Exercise details: A verbatim copy of the listing is what is needed, minus any pictures.

Recorded data:
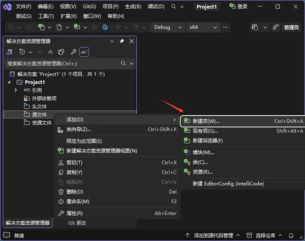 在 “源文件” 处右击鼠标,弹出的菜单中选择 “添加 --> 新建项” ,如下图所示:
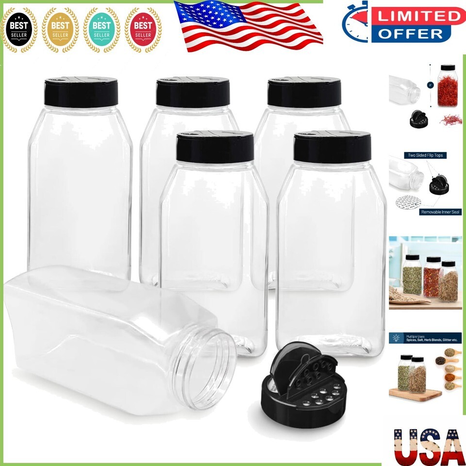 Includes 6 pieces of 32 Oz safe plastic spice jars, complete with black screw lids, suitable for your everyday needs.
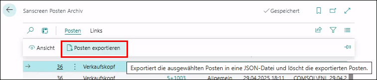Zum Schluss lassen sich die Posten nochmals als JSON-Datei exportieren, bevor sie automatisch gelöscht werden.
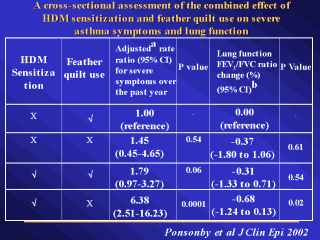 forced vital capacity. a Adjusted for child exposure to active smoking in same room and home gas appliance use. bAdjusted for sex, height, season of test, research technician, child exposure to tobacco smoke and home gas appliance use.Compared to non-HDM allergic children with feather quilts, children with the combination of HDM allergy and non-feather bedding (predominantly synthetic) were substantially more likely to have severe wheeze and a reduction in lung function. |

Your response:
 在 “源文件” 处右击鼠标,弹出的菜单中选择 “添加 --> 新建项” ,如下图所示:
 Includes 6 pieces of 32 Oz safe plastic spice jars, complete with black screw lids, suitable for your everyday needs.
Zum Schluss lassen sich die Posten nochmals als JSON-Datei exportieren, bevor sie automatisch gelöscht werden.
 forced vital capacity. a Adjusted for child exposure to active smoking in same room and home gas appliance use. bAdjusted for sex, height, season of test, research technician, child exposure to tobacco smoke and home gas appliance use.Compared to non-HDM allergic children with feather quilts, children with the combination of HDM allergy and non-feather bedding (predominantly synthetic) were substantially more likely to have severe wheeze and a reduction in lung function. |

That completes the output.